-TOPICS-

機関紙「やどかり」1月号
(2005.1.15発行)


<1面 記事>

あけましておめでとうございます


 昨年中はいろいろお世話になりました.本年もよろしくお願い致します.
 昨年は,台風や豪雨によるたびたびの水害,浅間山の噴火,そして新潟県中越地方における震災や釧路沖における地震等,列島を災害が襲ってきたと表現できるような災いの年でした.選ばれた漢字も「災」であり,その裏側には「幸い」を望む祈りのようなものを感じます.

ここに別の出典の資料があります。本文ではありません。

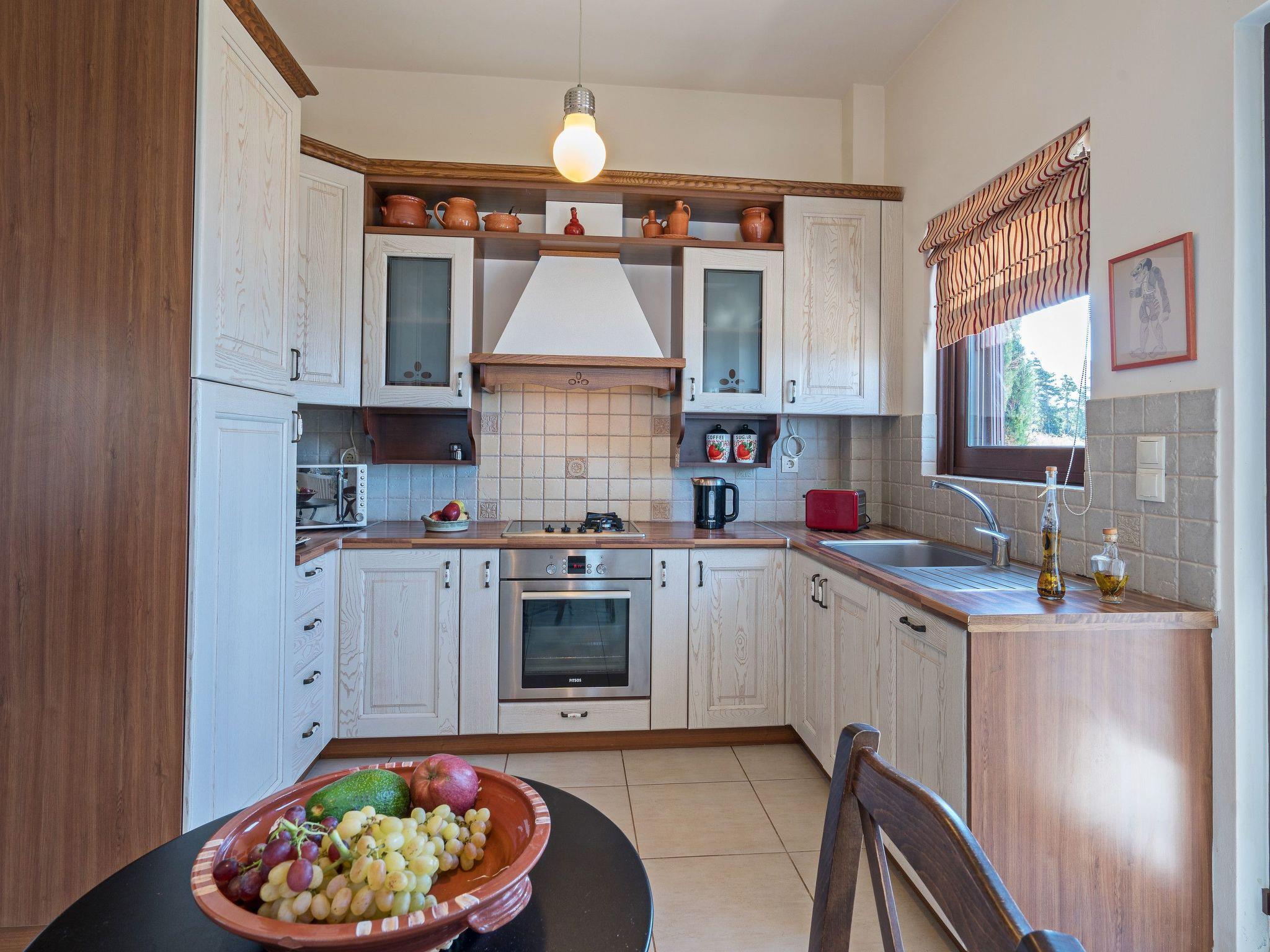 Anemomylos villas are located in a marvelous place with breathtaking uninterrupted views of the sea. It has 2 large private pools which are heated and with a jacuzzi. The closest beach is only 5 km away, where you can also find restaurants, taverns, cafes bars, and intense nightlife. Only 18 km away is the biggest city of Crete, Heraklion where you can find everything you like. ?Distances? nearest beach 5km nearest grocery 5km nearest restaurant 5km Heraklion airport 18km Chania airport 145km An unforgettable experience awaits you at these traditionally wooden-stone-built villas, natural beauty combined with interior comforts can satisfy even the most demanding guest. This property is a combination of 4 different apartments. There are 2 apartments of 100sqm each, where there is one double bedroom and one bedroom with 3 single beds in each one of them. Total 5 persons in each of these 2 apartments. Moreover, there is a veranda with amazing views of the landscape and sea. Then there is another studio with one bedroom with a double bed and two single beds. Lastly, on the back side of the property, there is another maisonette apartment with 1 double bedroom and one more bedroom with a double bed and a single bed. All 4 apartments are fully equipped since they all have their own kitchen, living room, dining area, and bathrooms. A communal play area of 100 sqm where you can also have dinner or lunch. So each one has their own privacy but yet again you will all be sharing the same grounds and 2 pools. At the back side of each villa, one can find a barbeque with a dining table and a parking area. Every apartment has an elegant living room with a fireplace, television, and air conditioning. The kitchen is fully equipped with electric appliances such as a cooker, fridge, coffee maker, microwave oven, dishwasher, washing machine, etc. Outside Area: a protected BBQ area from the wind along with a kitchen and a dining table. Check out is 11:00 latest and check-in is at 15:00 earliest.
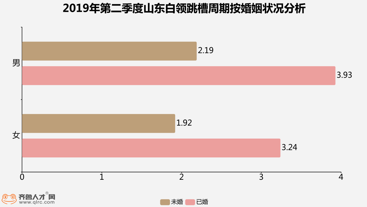 2019第二季度山东白领跳槽周期按婚姻状况分析,未婚群体更爱跳槽

 さて,やどかりの里では,昨年の5月には定例の総会が開かれ,再度,理事長の職を担うこととなりました.早いもので2年間の1期がすでに終了し,新たな時を迎えたことになります.総会前の理事会ではメンバ−の中から理事会の中で責任ある立場を担いたいとの発言もあり,心強く感じますと共にやどかりの里の未来をどのように描くかが問われていると実感させられました.

 昨年1年を振り返ってみますと,2月には「エンジュ」のお弁当利用者の状態調査,7月の里祭,人づくりセミナ−,10月のバザ−,11月の法人会員親睦旅行と日米メンバ−交歓会等を行い,それぞれ成果を挙げてまいりました.それとともに,さいたま市におけるやどかりの里の役割を果たしていこうと,ネットワ−クづくりや市内の精神科病院からの退院促進プロジェクト等の取り組みを実行してまいりました.全てが順調に行っているわけではありませんが,期待に応えていける態勢づくりを目指しています.

 やどかりの里は,35年の歴史を積み重ねてまいりました.その間多くの危機に遭遇しつつ,会員の方々の支援も含めて乗り切ってまいりました.今年の7月には簡単な総括をしたいと考えております.

 さて,目を国の施策に向けてみますと,10月12日に行われた第18回社会保障審議会障害者部会で発表された「今後の障害保健福祉施策について(改革のグランドデザイン案)」によると,「障害保健福祉の総合化」「自立支援システムへの転換」「制度の持続可能性」が取り上げられ,障害者に共通の「障害福祉サ−ビス法(仮称)」が提案されました.しかしながら,現在の国の財政状況や財源の裏づけのないまま市町村への権限の移譲を考えた時,十分な対応が行われるという確たる保障もなく,むしろ今まで行ってきたサ−ビスの低下を危惧するのは精神障害者だけではなく,障害者全体,ひいては国民全体の不安の材料になりかねないと思われます.

 やどかりの里としては,メンバ−が心ゆくまで安心できる条件を整え,次のステップへの足がかりが得られる支援をするとともに,働く場の開拓や生活の場の拡充,必要なサ−ビスの用意を具体的に進められるよう皆で努力していきたいと考えます.より充実した活動の実現に向けて,今後もやどかりの里の活動へのご協力をいただきたいと存じます.
 2005年が,我々にとっても皆さんにとっても素晴らしい年となりますよう祈念したいと存じます.頑張りましょう.